» **What to do**
This exercise calls for every record to be returned exactly, with pictures removed.

» **Listed entries**

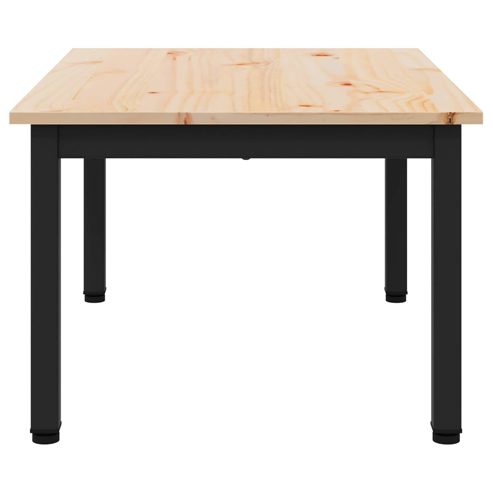 Der moderne Couchtisch ist der perfekte Mittelpunkt in deinem Wohnbereich. Mit klaren Linien und minimalistischen Design verleiht er deinem Raum Eleganz und setzt stilvolle Akzente. Hergestellt aus massivem Kiefernholz und robusten Metallbeinen bringt er Wärme und industriellen Charme in dein Zuhause. Seine strapazierfähige Bauweise sorgt dafür, dass er lange hält, während der schlanke Look jede Dekoration perfekt ergänzt. Modernes Design: Schlanke Silhouette mit minimalen Verzierungen macht diesen Tisch ideal für moderne Innenräume und unterschiedliche Dekorationsstile. Er sieht nicht nur gut aus, sondern ist auch funktional und praktisch. Massivholzplatte: Die Tischplatte aus massivem Kiefernholz mit natürlicher Maserung gibt deinem Wohnraum einen Hauch von Eleganz. Robuste Kiefer garantiert Langlebigkeit und eine tolle Nutzungserfahrung. Robuste Metallbeine: Quadratische Metallbeine sorgen für Stabilität. Das schicke Metall-Finish ergänzt perfekt das natürliche Holz und gibt dem Tisch einen zeitgemäßen Look. Anpassungsfähig an Räume: Ideal für verschiedene Wohnbereiche, passt sich dieser Tisch problemlos an. Egal ob als Mittelpunkt in einem großen Wohnzimmer oder als Akzentstück in kleinen Wohnungen, seine Größe ist perfekt abgestimmt. Einfach zu pflegen: Um den Tisch in Topform zu halten, einfach mit einem trockenen Tuch abwischen. So bleibt der natürliche Glanz des Holzes über Jahre erhalten. ** Farbe: Natur ** Material: Massives Kiefernholz ** Gesamtabmessungen: 70 x 50 x 36 cm (L x B x H) ** Max. Gewicht: 80 kg ** Elegantes Design ** Nur für den Innenbereich ** Montage erforderlich: Ja ** Lieferumfang: ** 1 x Couchtisch
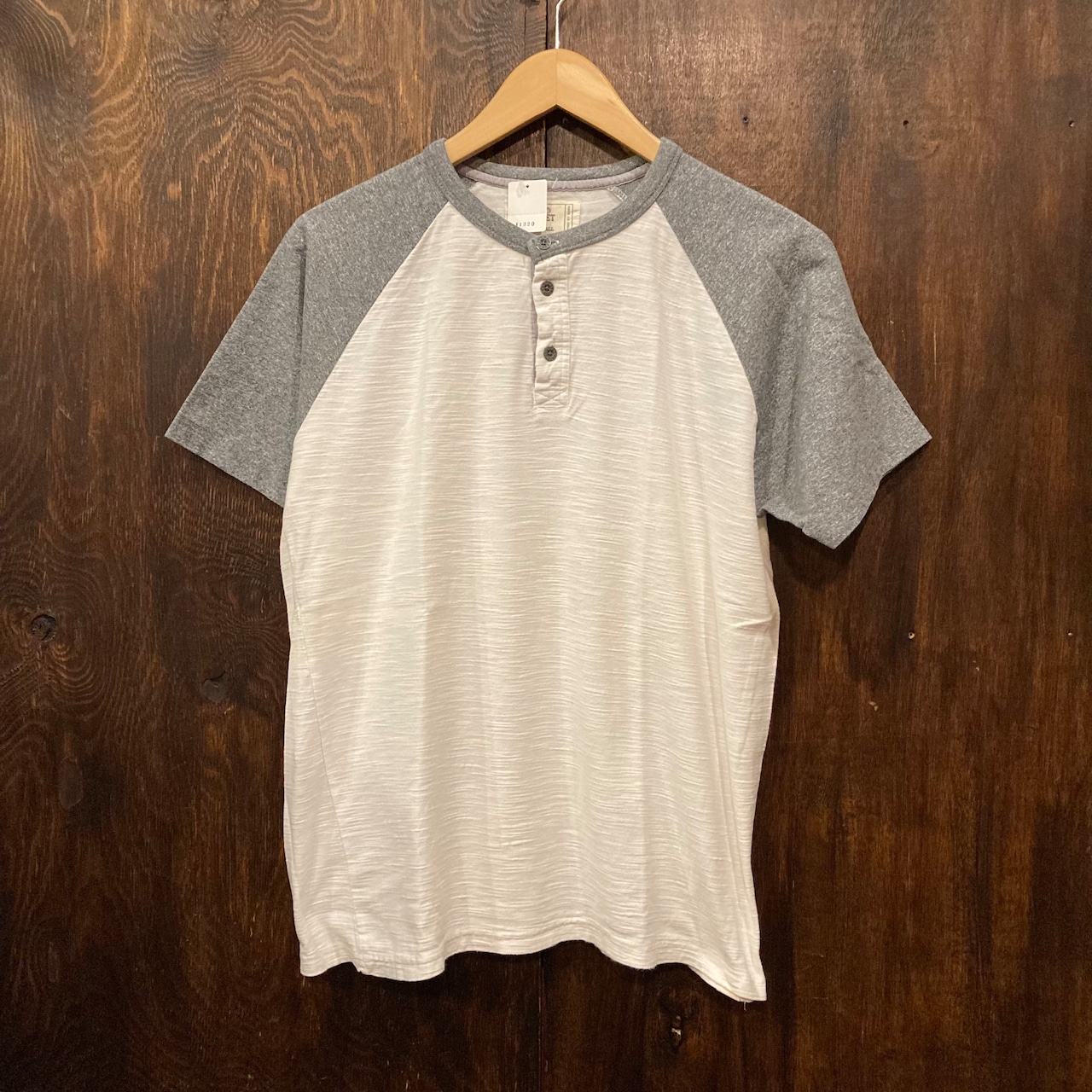 アメリカ古着 ヘンリーネックT ラグランT Tシャツ 半袖Tシャツ 白×グレー
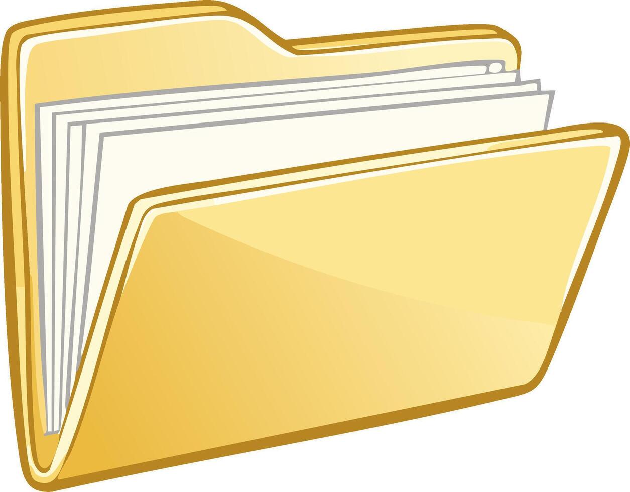 Open yellow file folder containing documents and papers, illustration Pro Vector
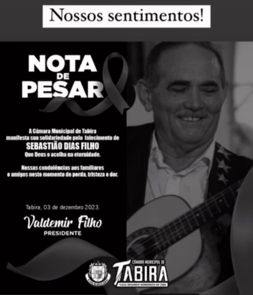 O velório do poeta Sebastião Dias acontecerá no Centro Lítero Cultural Poeta José de Mariano, situado na Rua Amâncio Siqueira, nº 08, centro de Tabira. O sepultamento está previsto para às 16 horas desta segunda-feira, 04 de dezembro, no cemitério Parque da Saudade, logo após as homenagens póstumas na Sede do Poder Executivo e na Câmara Municipal de Vereadores.
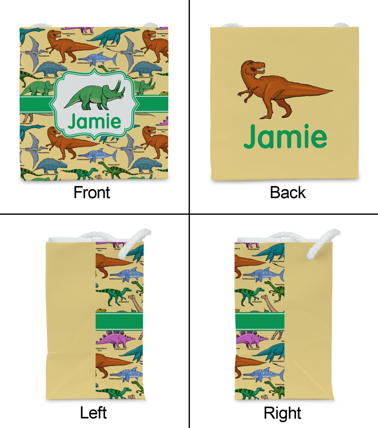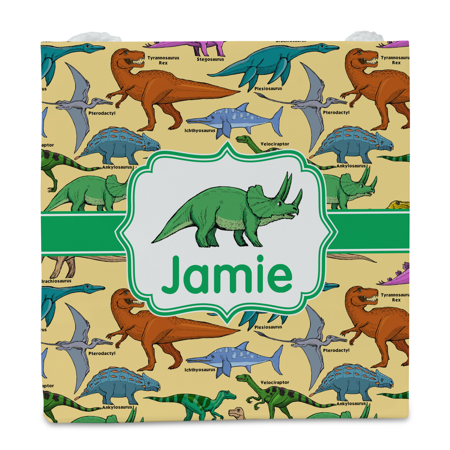 This is made up of 12 different hand drawn dinosaurs (Triceratops, Tyrannosaurus Rex, Velociraptor, Brachiosaurus, Ankylosaurus, Pterodactyl, Stegosaurus, Saurolophus, Plesiosaurus, Allosaurus, Iguanodon and Ichthyosaurus) and each dinosaur has it's type written next to it. We chose a light yellow background with a green ribbon and decorative label; and we chose to use a triceratops and a name inside the label.
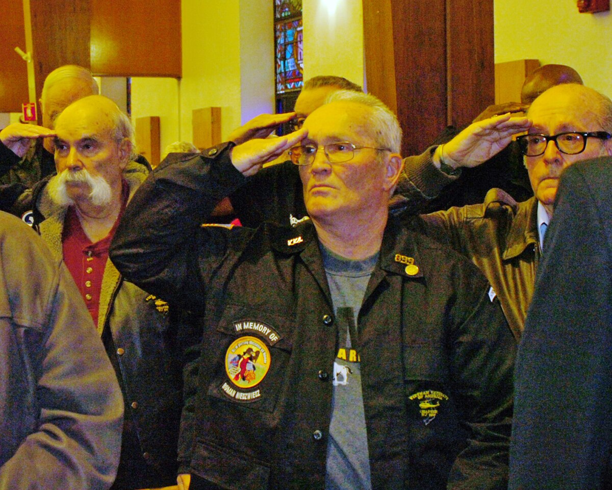 Col. Shelley L. Balderson, Army Support Activity-Fort Dix commander, (left), and Retired Army Chaplain (Col.) Ronald W. Benzing, render a salute for service members who paid the ultimate price, during the Vietnam War 50th Anniversary Commemoration here Dec. 1. A commemorative 50-year anniversary lapel pin was presented to all veterans who served from November 1965 to April 30, 1975. (U.S. Army photo by David Moore/Released)
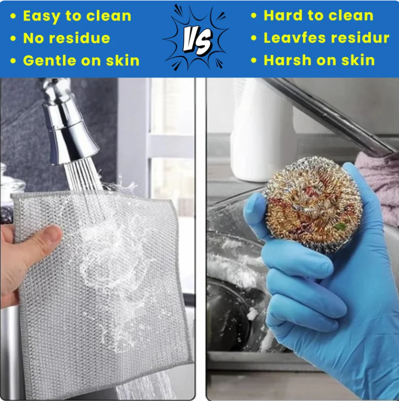 Our dishcloths are made from premium-grade stainless steel wire mesh, designed to be durable, rust-resistant, and safe for everyday kitchen use.
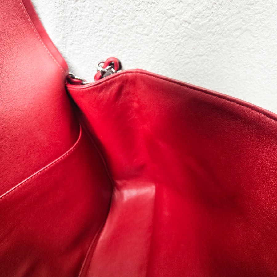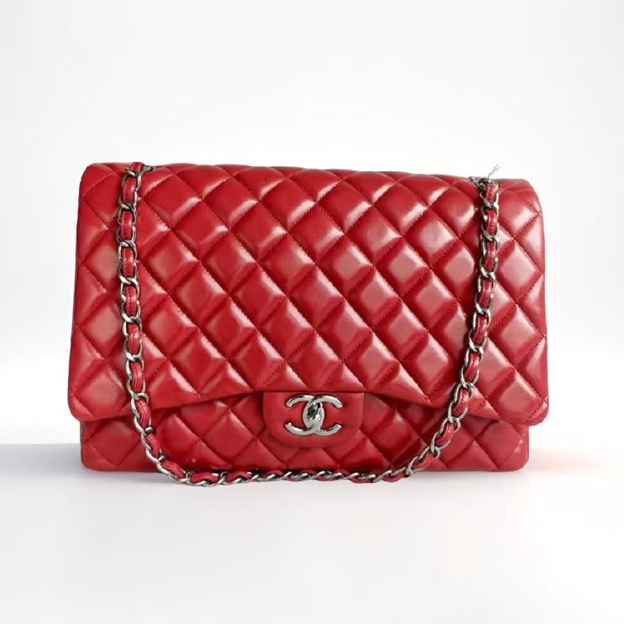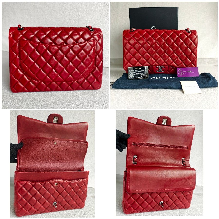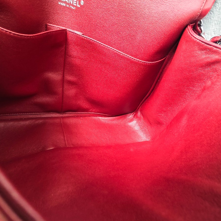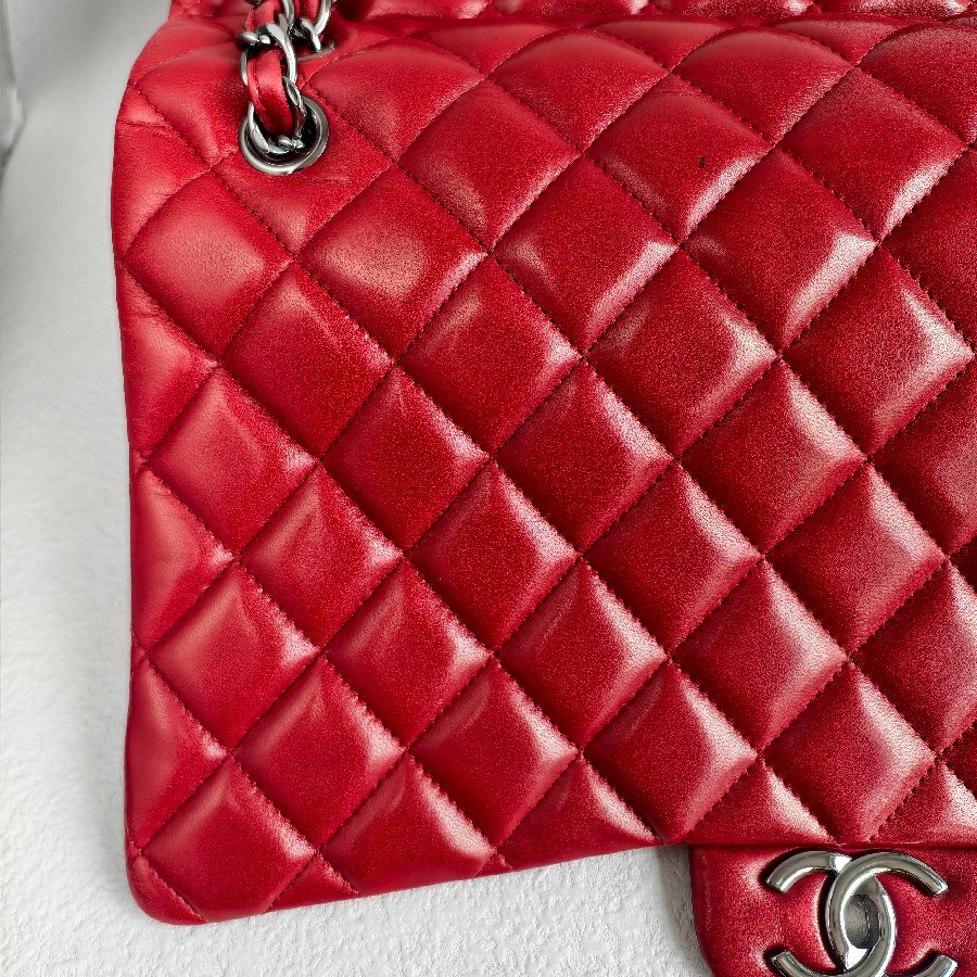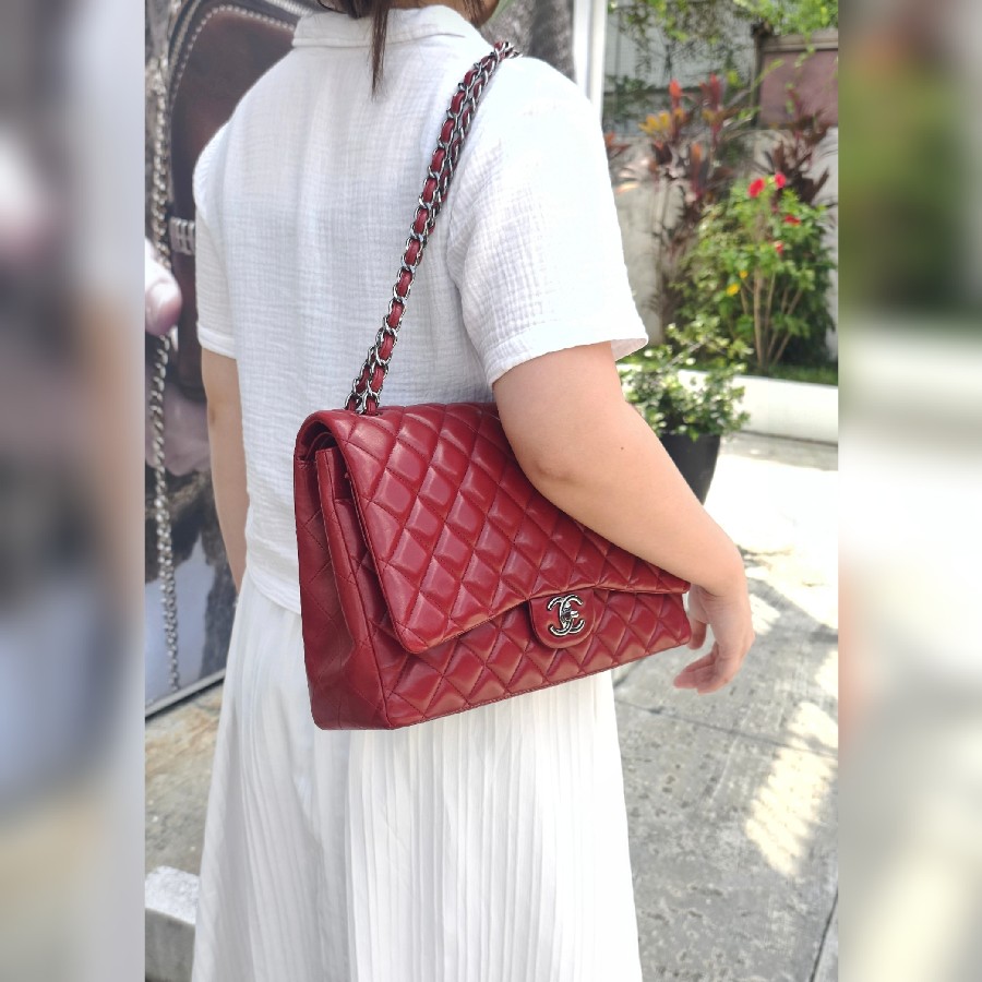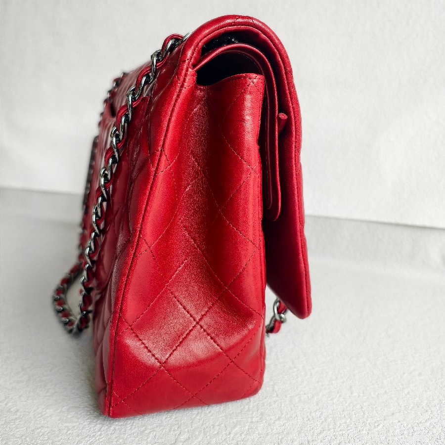 Chanel Classic Maxi Jumbo Double Flap Bag Maroon Lambskin with Silver Hardware #RYUE-1

» **Result of this task**
 Der moderne Couchtisch ist der perfekte Mittelpunkt in deinem Wohnbereich. Mit klaren Linien und minimalistischen Design verleiht er deinem Raum Eleganz und setzt stilvolle Akzente. Hergestellt aus massivem Kiefernholz und robusten Metallbeinen bringt er Wärme und industriellen Charme in dein Zuhause. Seine strapazierfähige Bauweise sorgt dafür, dass er lange hält, während der schlanke Look jede Dekoration perfekt ergänzt. Modernes Design: Schlanke Silhouette mit minimalen Verzierungen macht diesen Tisch ideal für moderne Innenräume und unterschiedliche Dekorationsstile. Er sieht nicht nur gut aus, sondern ist auch funktional und praktisch. Massivholzplatte: Die Tischplatte aus massivem Kiefernholz mit natürlicher Maserung gibt deinem Wohnraum einen Hauch von Eleganz. Robuste Kiefer garantiert Langlebigkeit und eine tolle Nutzungserfahrung. Robuste Metallbeine: Quadratische Metallbeine sorgen für Stabilität. Das schicke Metall-Finish ergänzt perfekt das natürliche Holz und gibt dem Tisch einen zeitgemäßen Look. Anpassungsfähig an Räume: Ideal für verschiedene Wohnbereiche, passt sich dieser Tisch problemlos an. Egal ob als Mittelpunkt in einem großen Wohnzimmer oder als Akzentstück in kleinen Wohnungen, seine Größe ist perfekt abgestimmt. Einfach zu pflegen: Um den Tisch in Topform zu halten, einfach mit einem trockenen Tuch abwischen. So bleibt der natürliche Glanz des Holzes über Jahre erhalten. ** Farbe: Natur ** Material: Massives Kiefernholz ** Gesamtabmessungen: 70 x 50 x 36 cm (L x B x H) ** Max. Gewicht: 80 kg ** Elegantes Design ** Nur für den Innenbereich ** Montage erforderlich: Ja ** Lieferumfang: ** 1 x Couchtisch
 アメリカ古着 ヘンリーネックT ラグランT Tシャツ 半袖Tシャツ 白×グレー
 Open yellow file folder containing documents and papers, illustration Pro Vector
 O velório do poeta Sebastião Dias acontecerá no Centro Lítero Cultural Poeta José de Mariano, situado na Rua Amâncio Siqueira, nº 08, centro de Tabira. O sepultamento está previsto para às 16 horas desta segunda-feira, 04 de dezembro, no cemitério Parque da Saudade, logo após as homenagens póstumas na Sede do Poder Executivo e na Câmara Municipal de Vereadores.
 This is made up of 12 different hand drawn dinosaurs (Triceratops, Tyrannosaurus Rex, Velociraptor, Brachiosaurus, Ankylosaurus, Pterodactyl, Stegosaurus, Saurolophus, Plesiosaurus, Allosaurus, Iguanodon and Ichthyosaurus) and each dinosaur has it's type written next to it. We chose a light yellow background with a green ribbon and decorative label; and we chose to use a triceratops and a name inside the label.
 Col. Shelley L. Balderson, Army Support Activity-Fort Dix commander, (left), and Retired Army Chaplain (Col.) Ronald W. Benzing, render a salute for service members who paid the ultimate price, during the Vietnam War 50th Anniversary Commemoration here Dec. 1. A commemorative 50-year anniversary lapel pin was presented to all veterans who served from November 1965 to April 30, 1975. (U.S. Army photo by David Moore/Released)
 Our dishcloths are made from premium-grade stainless steel wire mesh, designed to be durable, rust-resistant, and safe for everyday kitchen use.
 Chanel Classic Maxi Jumbo Double Flap Bag Maroon Lambskin with Silver Hardware #RYUE-1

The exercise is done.